CrossTable(data$Gender, data$InfluencerType)
##
##
## Cell Contents
## |-------------------------|
## | N |
## | Chi-square contribution |
## | N / Row Total |
## | N / Col Total |
## | N / Table Total |
## |-------------------------|
##
##
## Total Observations in Table: 30519
##
##
## | data$InfluencerType
## data$Gender | macro | mega | micro | nano | Row Total |
## -------------|-----------|-----------|-----------|-----------|-----------|
## female | 24 | 2 | 502 | 13719 | 14247 |
## | 1.505 | 0.048 | 3.435 | 0.078 | |
## | 0.002 | 0.000 | 0.035 | 0.963 | 0.467 |
## | 0.364 | 0.400 | 0.507 | 0.466 | |
## | 0.001 | 0.000 | 0.016 | 0.450 | |
## -------------|-----------|-----------|-----------|-----------|-----------|
## male | 42 | 3 | 488 | 15739 | 16272 |
## | 1.318 | 0.042 | 3.008 | 0.068 | |
## | 0.003 | 0.000 | 0.030 | 0.967 | 0.533 |
## | 0.636 | 0.600 | 0.493 | 0.534 | |
## | 0.001 | 0.000 | 0.016 | 0.516 | |
## -------------|-----------|-----------|-----------|-----------|-----------|
## Column Total | 66 | 5 | 990 | 29458 | 30519 |
## | 0.002 | 0.000 | 0.032 | 0.965 | |
## -------------|-----------|-----------|-----------|-----------|-----------|
##
##
# change the order of the influencer type
$InfluencerType <- factor(data$InfluencerType,
datalevels = c("nano", "micro", "macro", "mega"))
#redo the crosstable
CrossTable(data$Gender, data$InfluencerType)
##
##
## Cell Contents
## |-------------------------|
## | N |
## | Chi-square contribution |
## | N / Row Total |
## | N / Col Total |
## | N / Table Total |
## |-------------------------|
##
##
## Total Observations in Table: 30519
##
##
## | data$InfluencerType
## data$Gender | nano | micro | macro | mega | Row Total |
## -------------|-----------|-----------|-----------|-----------|-----------|
## female | 13719 | 502 | 24 | 2 | 14247 |
## | 0.078 | 3.435 | 1.505 | 0.048 | |
## | 0.963 | 0.035 | 0.002 | 0.000 | 0.467 |
## | 0.466 | 0.507 | 0.364 | 0.400 | |
## | 0.450 | 0.016 | 0.001 | 0.000 | |
## -------------|-----------|-----------|-----------|-----------|-----------|
## male | 15739 | 488 | 42 | 3 | 16272 |
## | 0.068 | 3.008 | 1.318 | 0.042 | |
## | 0.967 | 0.030 | 0.003 | 0.000 | 0.533 |
## | 0.534 | 0.493 | 0.636 | 0.600 | |
## | 0.516 | 0.016 | 0.001 | 0.000 | |
## -------------|-----------|-----------|-----------|-----------|-----------|
## Column Total | 29458 | 990 | 66 | 5 | 30519 |
## | 0.965 | 0.032 | 0.002 | 0.000 | |
## -------------|-----------|-----------|-----------|-----------|-----------|
##
##
As you can see from the contingency table, female influencers account for nearly 47% of our sample, while male influencers account for 53%. If gender had nothing to do with the level of influence a user could reach, then we would end up finding around 47% females and 53% males among every single type of influencer. Now let’s see whether that is the case.

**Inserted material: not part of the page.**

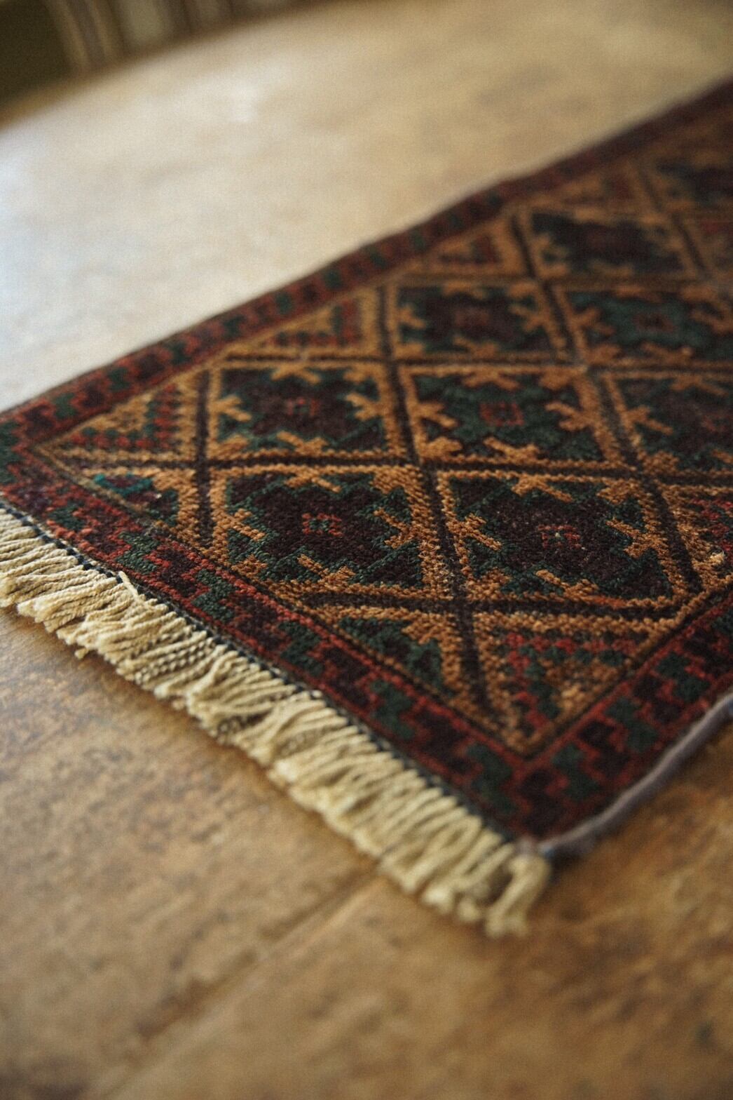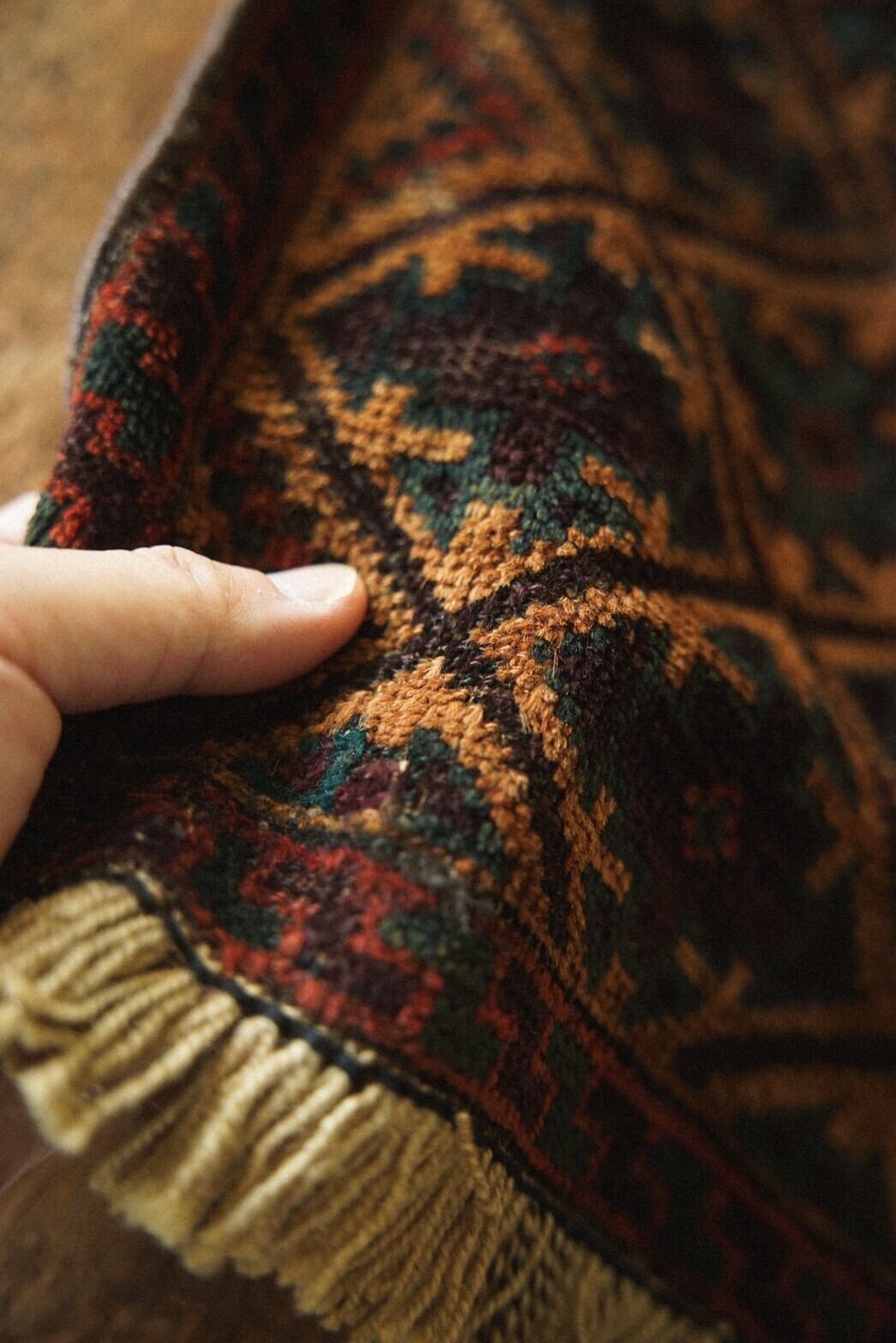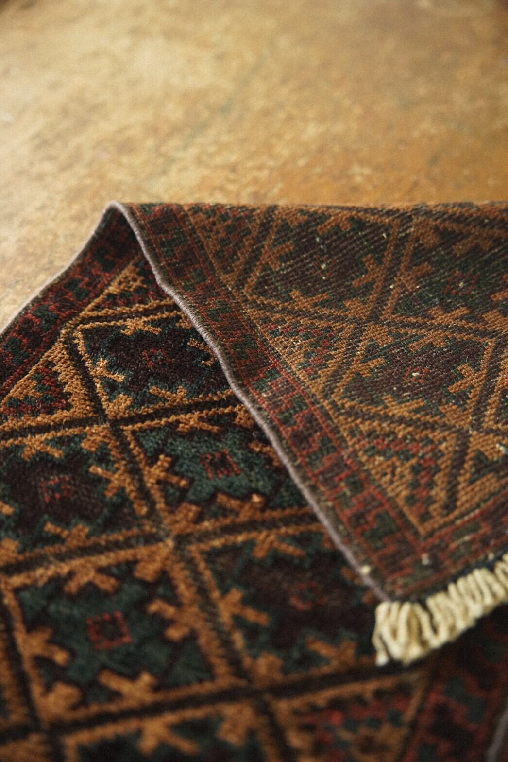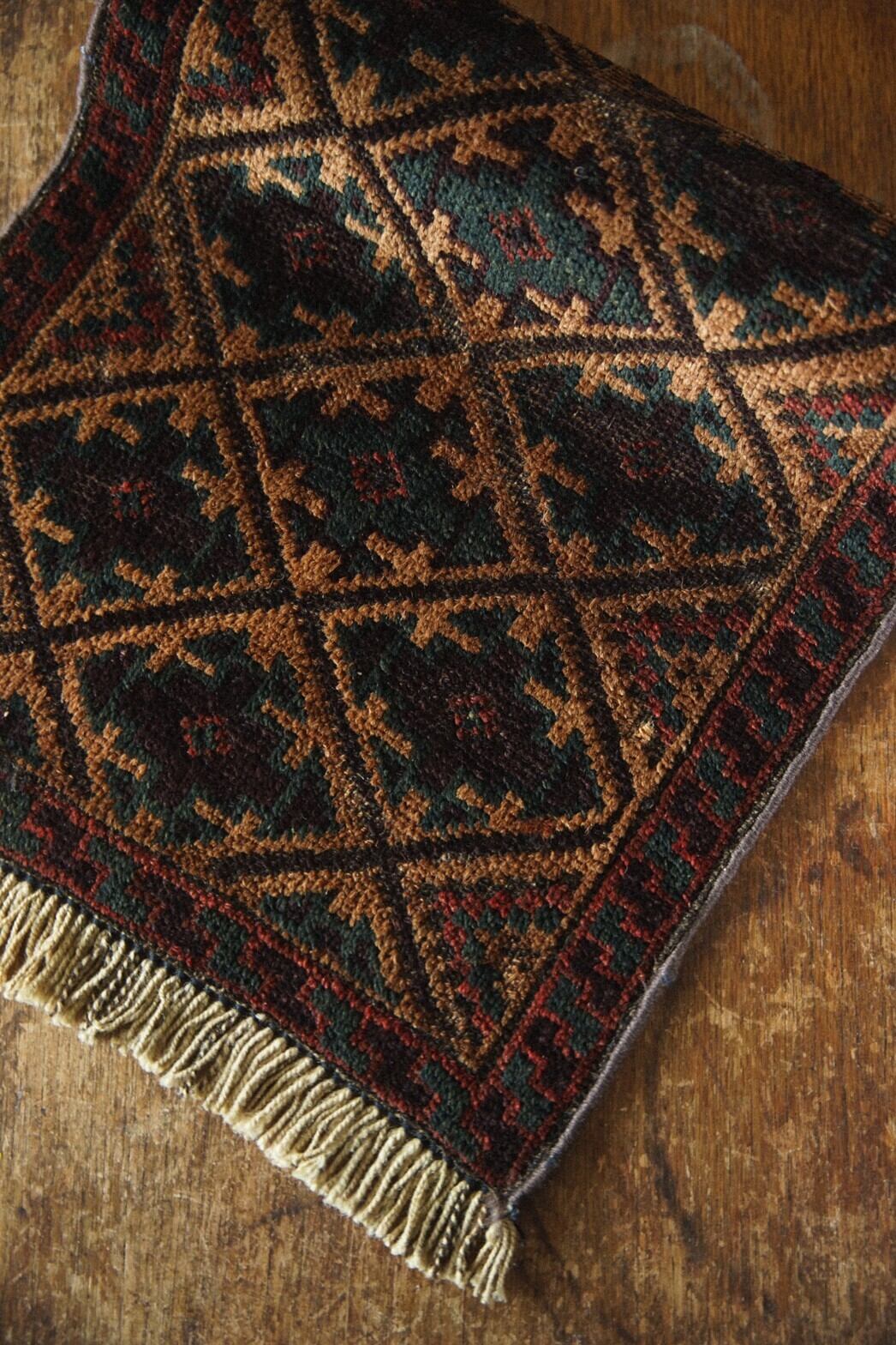 キャメル、ボルドー、レッド、そして深みのあるグリーンの配色がとても渋くてかっこいいバルーチラグ。

By looking into the Nano influencer column, we found 46.6% female and 53.4% male, which seems to be pretty close to the female and male percentages we had in our whole sample. Among the Micro influencers, almost 50% of them are female and 50% of them are male, which was a bit different from the percentages within the whole sample. However, when we move on to the next level, Macro influencer, we notice that females only account for 36% at this level while males account for 64% of all the macro influencers. Finally, for the most influential, the Mega influencer group, 40% of them are females, and the rest, 60%, are all males.
To summarize the patterns of this contingency table: at the Nano and Micro level, female and male influencers have a pretty balanced distribution; however, as the level of influencer goes up, female accounts for smaller percentages. So, it appears that gender does have a relationship with the type of influencer, with females more likely to be lower-level influencers and males more likely to be higher-level influencers.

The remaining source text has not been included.